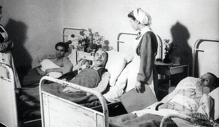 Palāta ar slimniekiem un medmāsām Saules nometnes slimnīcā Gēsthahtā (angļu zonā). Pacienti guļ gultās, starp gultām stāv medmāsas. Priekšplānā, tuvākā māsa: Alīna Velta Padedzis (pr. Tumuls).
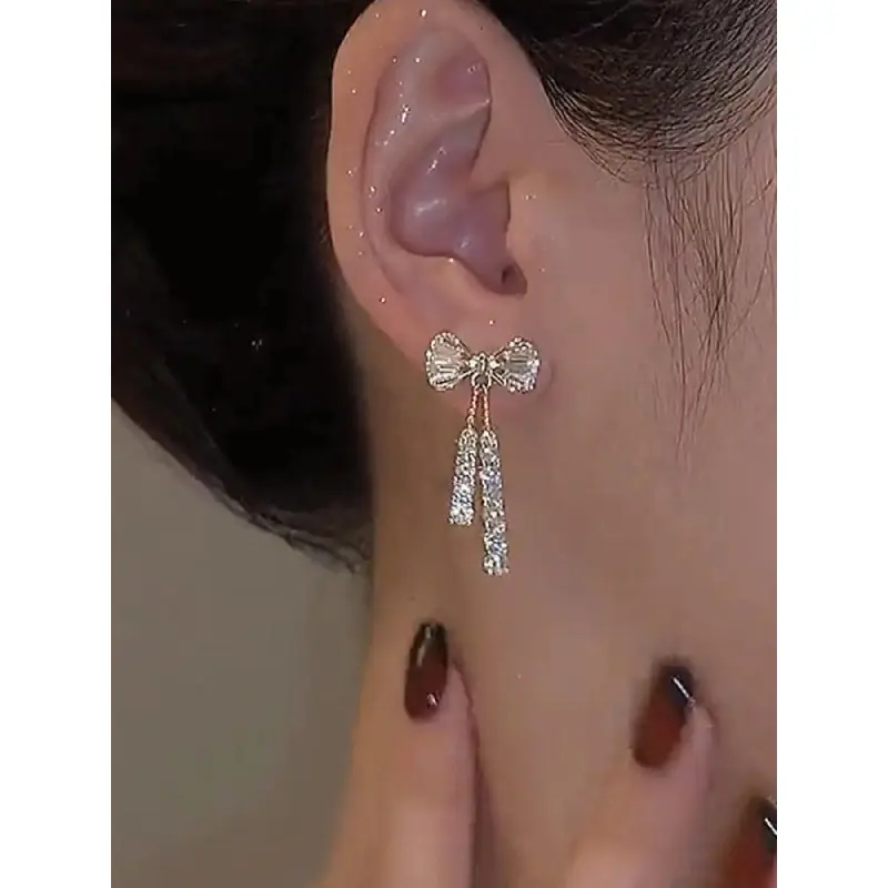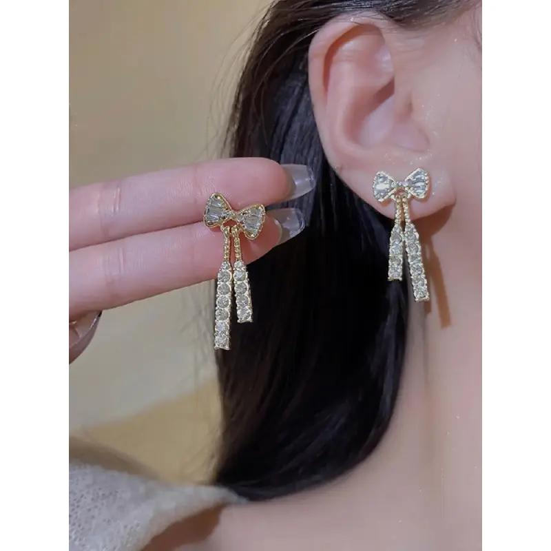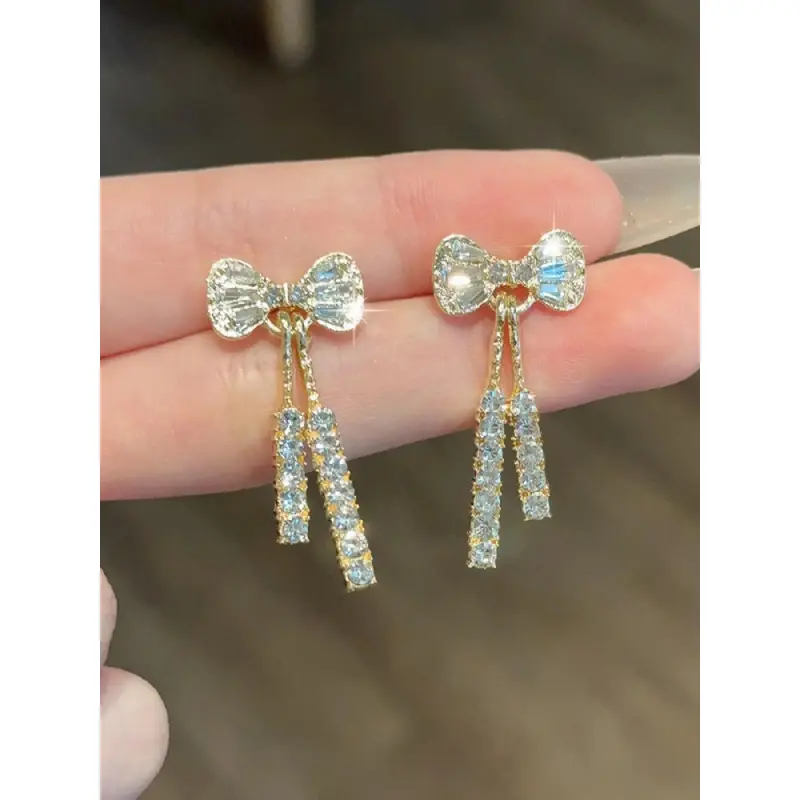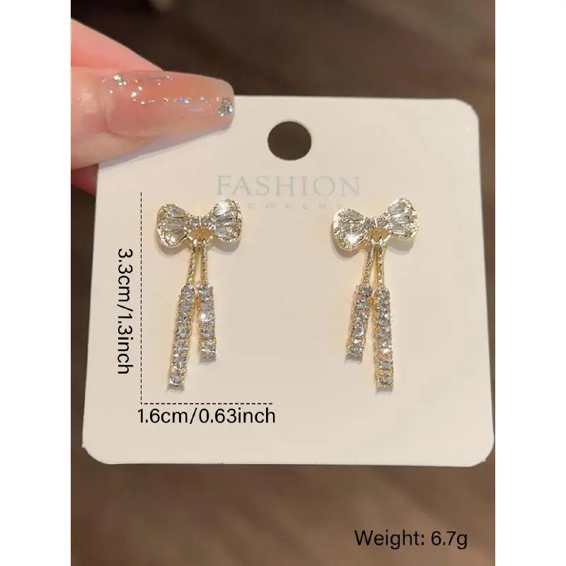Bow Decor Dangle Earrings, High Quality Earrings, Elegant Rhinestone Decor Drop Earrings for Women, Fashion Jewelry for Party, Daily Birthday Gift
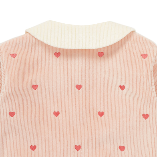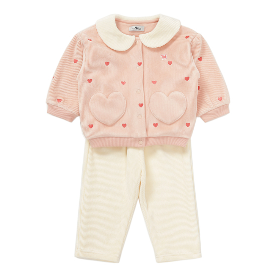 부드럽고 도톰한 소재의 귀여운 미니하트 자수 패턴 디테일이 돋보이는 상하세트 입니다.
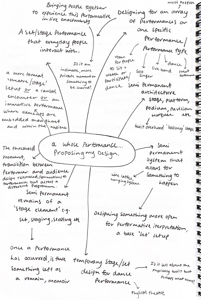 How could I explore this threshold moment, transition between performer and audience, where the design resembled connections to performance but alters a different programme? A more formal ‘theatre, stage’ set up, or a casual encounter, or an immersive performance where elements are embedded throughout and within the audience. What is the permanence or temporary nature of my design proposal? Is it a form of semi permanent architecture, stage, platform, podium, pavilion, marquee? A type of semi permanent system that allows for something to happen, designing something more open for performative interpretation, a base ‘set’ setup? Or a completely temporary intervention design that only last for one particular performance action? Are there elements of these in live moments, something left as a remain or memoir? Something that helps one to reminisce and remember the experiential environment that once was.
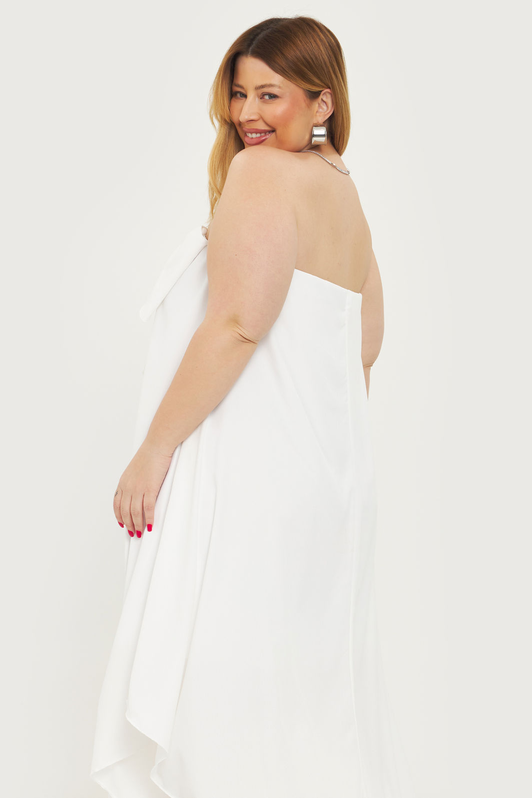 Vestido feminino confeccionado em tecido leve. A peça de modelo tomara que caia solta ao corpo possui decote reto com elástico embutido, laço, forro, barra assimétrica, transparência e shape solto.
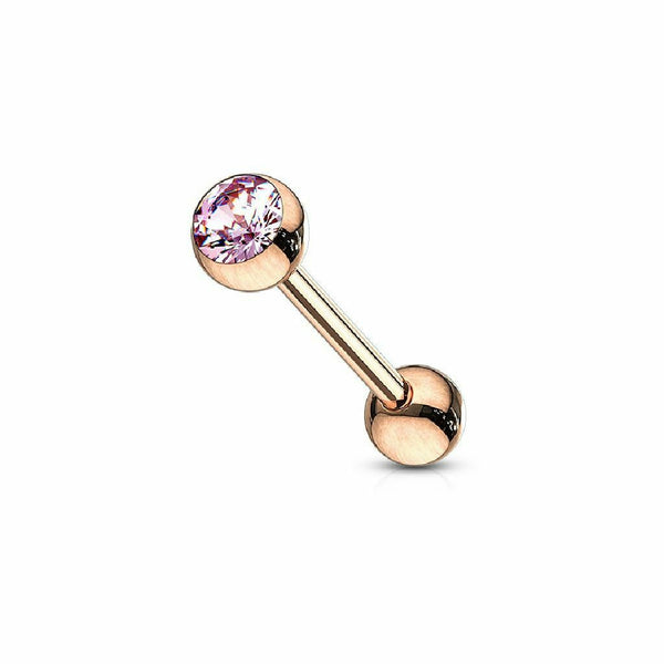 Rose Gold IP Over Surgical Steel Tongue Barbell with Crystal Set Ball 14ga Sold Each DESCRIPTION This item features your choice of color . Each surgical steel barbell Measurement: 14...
###
*REQUIRED WORK*
Please restate the whole listing exactly, without any of its pictures.

*REPLY TO THE TASK*
 Palāta ar slimniekiem un medmāsām Saules nometnes slimnīcā Gēsthahtā (angļu zonā). Pacienti guļ gultās, starp gultām stāv medmāsas. Priekšplānā, tuvākā māsa: Alīna Velta Padedzis (pr. Tumuls).
Bow Decor Dangle Earrings, High Quality Earrings, Elegant Rhinestone Decor Drop Earrings for Women, Fashion Jewelry for Party, Daily Birthday Gift
 부드럽고 도톰한 소재의 귀여운 미니하트 자수 패턴 디테일이 돋보이는 상하세트 입니다.
 How could I explore this threshold moment, transition between performer and audience, where the design resembled connections to performance but alters a different programme? A more formal ‘theatre, stage’ set up, or a casual encounter, or an immersive performance where elements are embedded throughout and within the audience. What is the permanence or temporary nature of my design proposal? Is it a form of semi permanent architecture, stage, platform, podium, pavilion, marquee? A type of semi permanent system that allows for something to happen, designing something more open for performative interpretation, a base ‘set’ setup? Or a completely temporary intervention design that only last for one particular performance action? Are there elements of these in live moments, something left as a remain or memoir? Something that helps one to reminisce and remember the experiential environment that once was.
 Vestido feminino confeccionado em tecido leve. A peça de modelo tomara que caia solta ao corpo possui decote reto com elástico embutido, laço, forro, barra assimétrica, transparência e shape solto.
 Rose Gold IP Over Surgical Steel Tongue Barbell with Crystal Set Ball 14ga Sold Each DESCRIPTION This item features your choice of color . Each surgical steel barbell Measurement: 14...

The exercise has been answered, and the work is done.